The French and Indian War is coming. Franklin writes a plan for uniting all the American colonies, but it doesn't go over well. They stay organized by individual colony. He helps General Edward Braddock get military supplies on credit from Pennsylvania citizens; since they don't know Braddock, Franklin has to put up collateral. This will bite him in the butt, though. In the middle of doing important military stuff – preparing for a battle at Monongahela to take over Fort Duquesne – Braddock doesn't listen to Franklin's advice. They lose the battle and Braddock is killed. Luckily, he gives Franklin a large chunk of the money before that happens. Another general, Shirley, comes through for Franklin with more of the money. (Franklin never gets the rest.) Meanwhile, Franklin helps build forts in Pennsylvania for defense against the Native Americans and learns about the Moravian religion. He's briefly honored as a colonel, but turns down a position as general.
Franklin also has scientific success: he works on experiments in electricity with his friends Peter Collinson and Ebenezer Kinnersley. Collinson tells the Royal Society about Franklin's ideas, and his work is published. He gets into a scholarly fight with Abbé Nollet, who has competing ideas, but the scientific public promotes Franklin's as the best. He's made a member of the Royal Society.
The new governor, Denny, is having problems with the Pennsylvania Assembly. The Assembly wants to pass a law that taxes colonists and Proprietors (the guys who own the colonies) more fairly to gather money for defending the colonies, part of which will be under the direction of General Loudon, but Denny won't sign it. Despite being delayed by Loudon, Franklin finally gets to go to London on behalf of the Assembly to work on mediation. (He never gets the rest of the money he covered for Braddock.)

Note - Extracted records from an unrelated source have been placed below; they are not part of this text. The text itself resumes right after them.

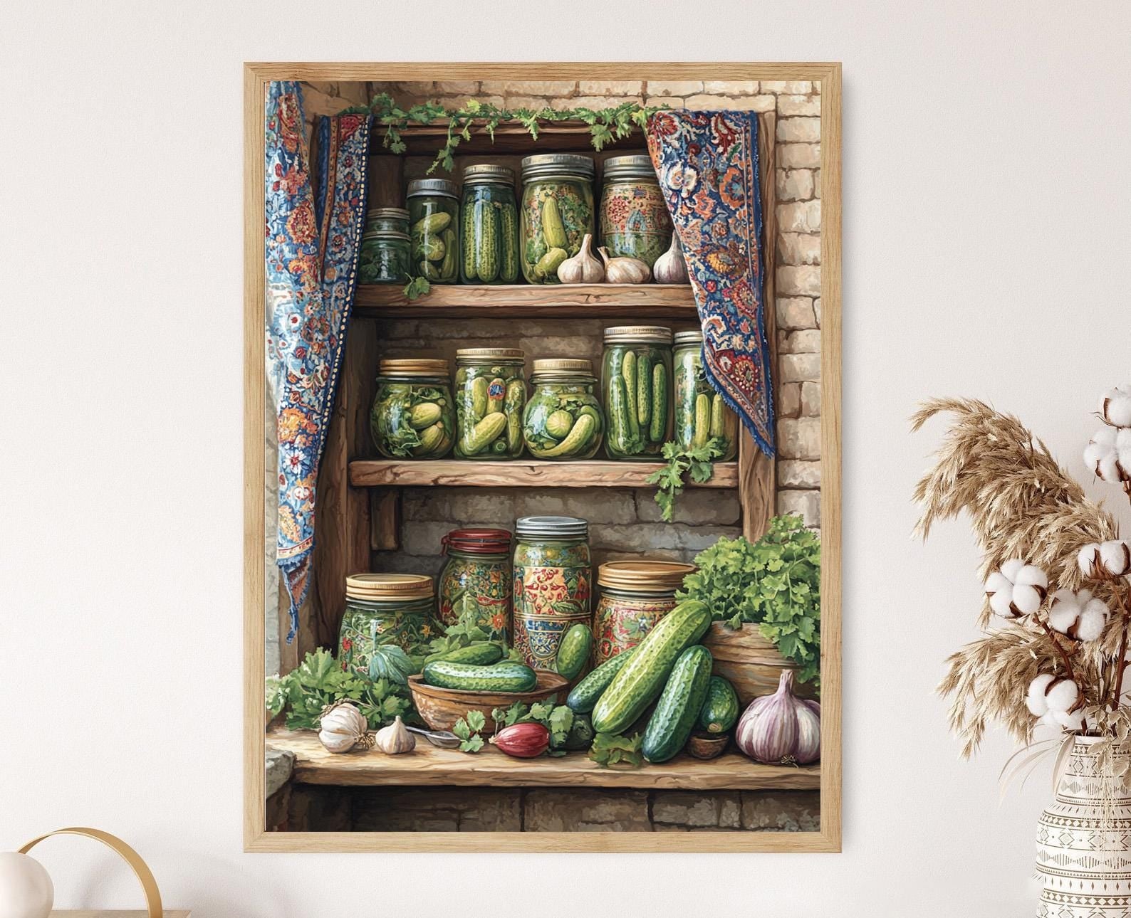 Découvrez cette affiche captivante qui met en avant une étagère de conservation persane, ornée de bocaux de concombres, d'ail et d'herbes, le tout encadré par un textile brodé aux motifs boteh paisley. Cette illustration évoque chaleur et authenticité, apportant une touche de caractère à votre décoration murale. Idéale pour enrichir votre espace de vie, ce poster mural transforme n'importe quel coin de votre maison en un véritable hommage à la culture et au savoir-faire artisanal.
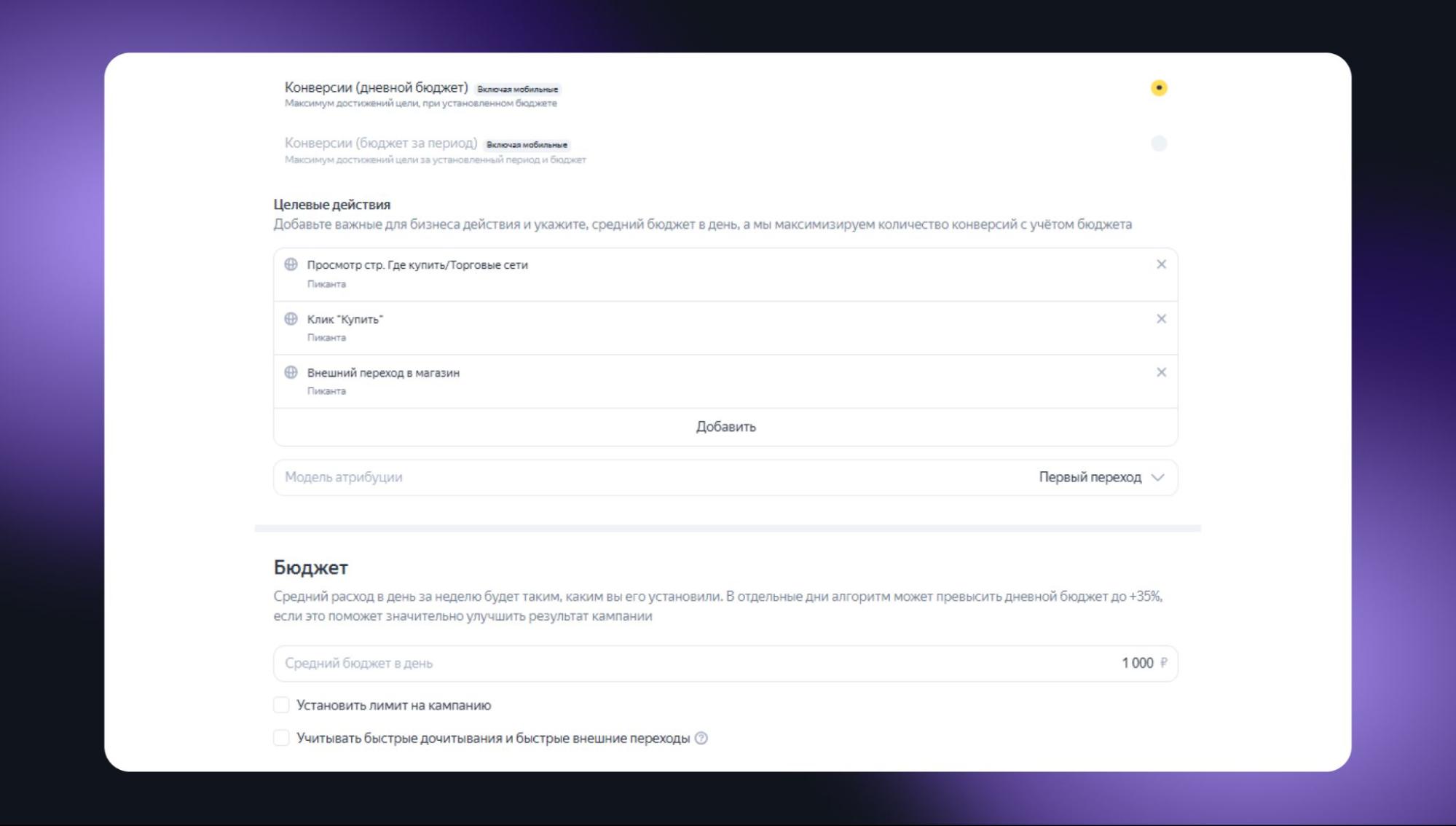 И наконец, вишенка на торте — обучение алгоритма на конверсии. Когда собрали достаточно данных, мы подключили самую умную стратегию. Мы сказали Яндексу: «Приводи нам не просто читателей. Приводи тех, кто с наибольшей вероятностью кликнет на кнопку „Где купить“». Это критически важный сигнал для
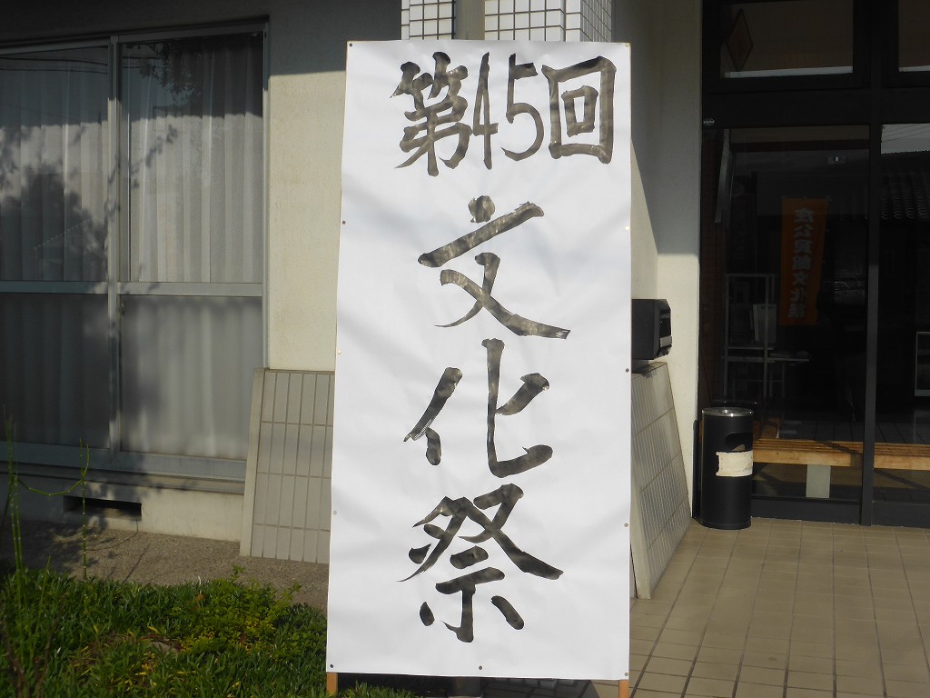 道路そばにはノボリ、入口前には「文化祭」、入ってすぐには「ようこそ」
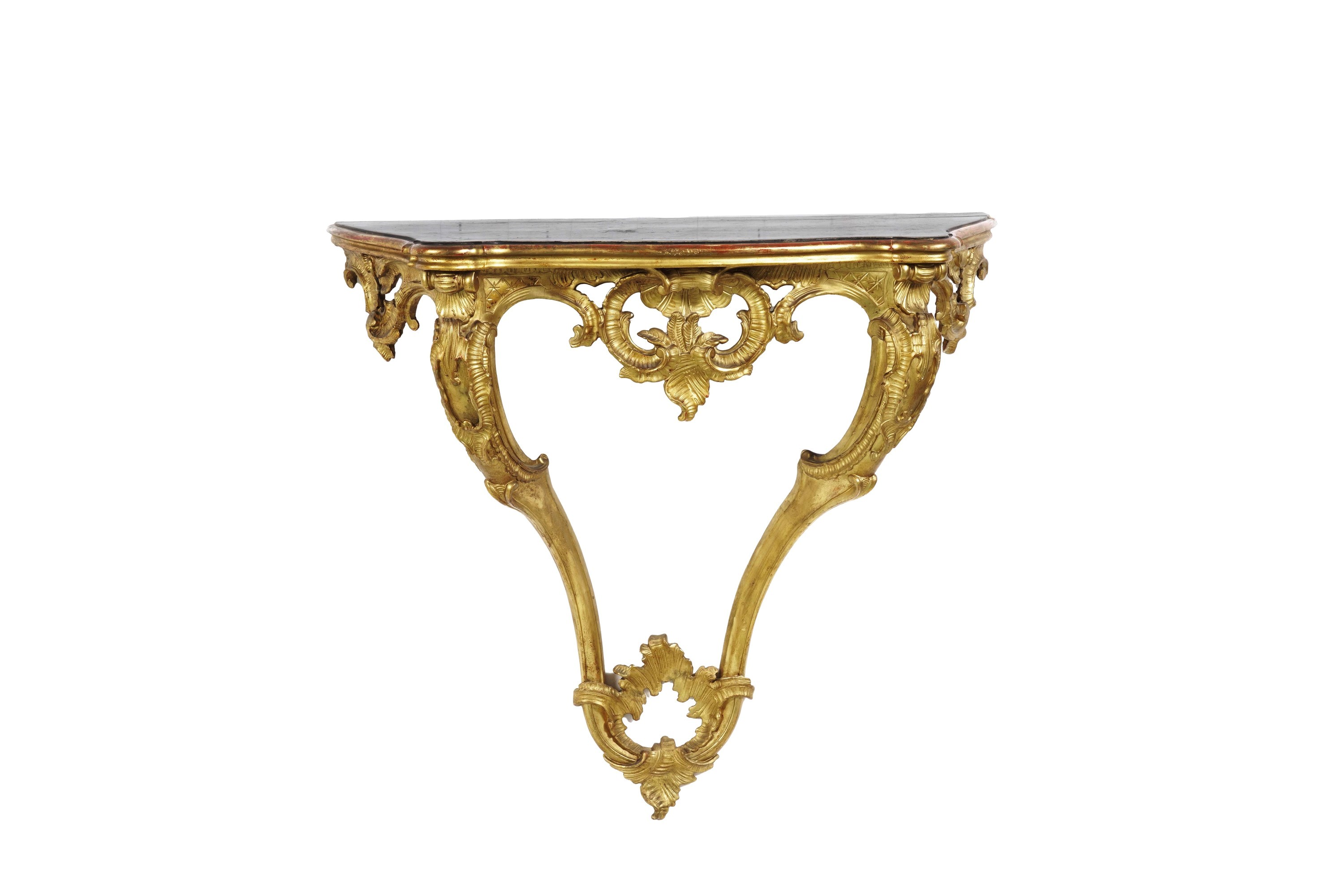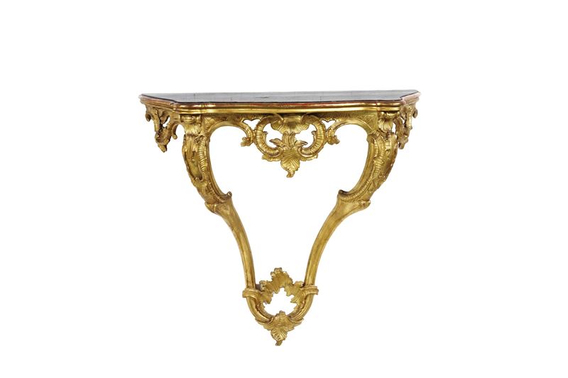 Consolle a goccia in legno intagliato e dorato. XVIII-XIX secolo

In Part 4, Franklin consults with his friend Dr. Fothergill about the problem the Assembly's having and meets with Lord Granville, head of the King's privy council, about it. Lord Granville says the King makes laws just by talking, but Franklin argues that he can only approve/deny the colonists' laws once – he shouldn't be able to go back on his word. Lord Granville disagrees.
Franklin and the Proprietors meet at Thomas Penn's house to talk about the dispute, and Franklin has to argue with the other side's attorney, Ferdinand Paris. He and the colonists spend one year waiting for the decision. Meanwhile, the Assembly and Governor Denny finally agree on the bill. The Proprietors petition to keep the bill from happening, because they don't want to be tasked, and everyone goes to court. There, Lord Mansfield mediates the case, and everyone comes to an agreement.
The autobiography ends with the Assembly celebrating Franklin and firing Governor Denny. The colonists try to sue him, but don't succeed – he's too well connected.